| Instructions for the task |
Without any pictures, print the lines below from the one that has "Clay diyas are" through the one that has "Syvänmusta pinta lisää", exactly and nothing else.

| Dataset |
# # # # #
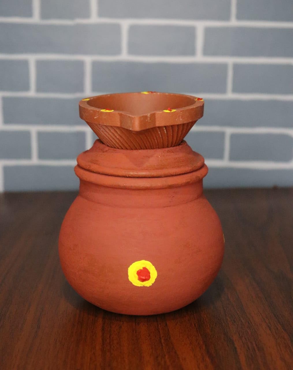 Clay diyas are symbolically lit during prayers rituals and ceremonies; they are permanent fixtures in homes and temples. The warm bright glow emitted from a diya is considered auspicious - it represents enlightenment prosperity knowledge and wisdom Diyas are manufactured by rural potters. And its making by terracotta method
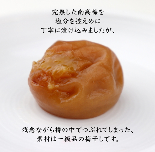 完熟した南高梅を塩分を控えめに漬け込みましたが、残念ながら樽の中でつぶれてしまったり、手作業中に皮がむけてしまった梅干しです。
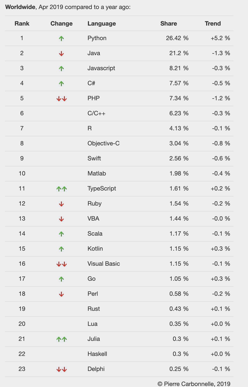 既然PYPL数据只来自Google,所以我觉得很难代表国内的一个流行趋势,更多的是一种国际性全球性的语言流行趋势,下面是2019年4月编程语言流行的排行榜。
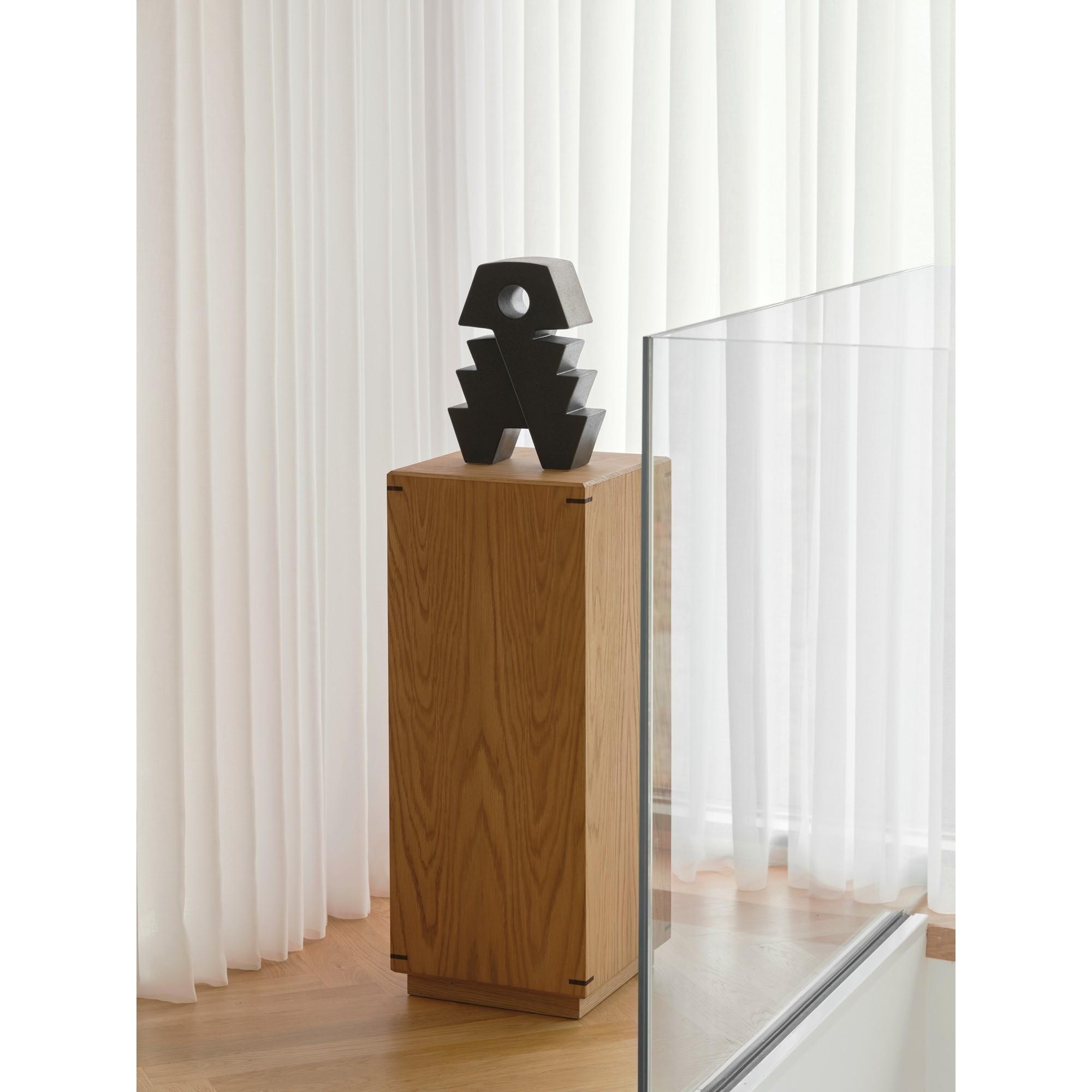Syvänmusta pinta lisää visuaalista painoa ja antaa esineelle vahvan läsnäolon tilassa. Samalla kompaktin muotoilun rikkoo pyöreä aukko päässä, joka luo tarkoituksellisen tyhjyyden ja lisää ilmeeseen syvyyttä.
# # # # #
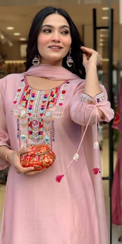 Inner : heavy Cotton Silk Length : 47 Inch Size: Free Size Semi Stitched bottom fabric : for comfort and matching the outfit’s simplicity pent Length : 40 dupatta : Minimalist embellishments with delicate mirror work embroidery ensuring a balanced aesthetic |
# # # # #
| Response to this exercise |
 Clay diyas are symbolically lit during prayers rituals and ceremonies; they are permanent fixtures in homes and temples. The warm bright glow emitted from a diya is considered auspicious - it represents enlightenment prosperity knowledge and wisdom Diyas are manufactured by rural potters. And its making by terracotta method
 完熟した南高梅を塩分を控えめに漬け込みましたが、残念ながら樽の中でつぶれてしまったり、手作業中に皮がむけてしまった梅干しです。
 既然PYPL数据只来自Google,所以我觉得很难代表国内的一个流行趋势,更多的是一种国际性全球性的语言流行趋势,下面是2019年4月编程语言流行的排行榜。
Syvänmusta pinta lisää visuaalista painoa ja antaa esineelle vahvan läsnäolon tilassa. Samalla kompaktin muotoilun rikkoo pyöreä aukko päässä, joka luo tarkoituksellisen tyhjyyden ja lisää ilmeeseen syvyyttä.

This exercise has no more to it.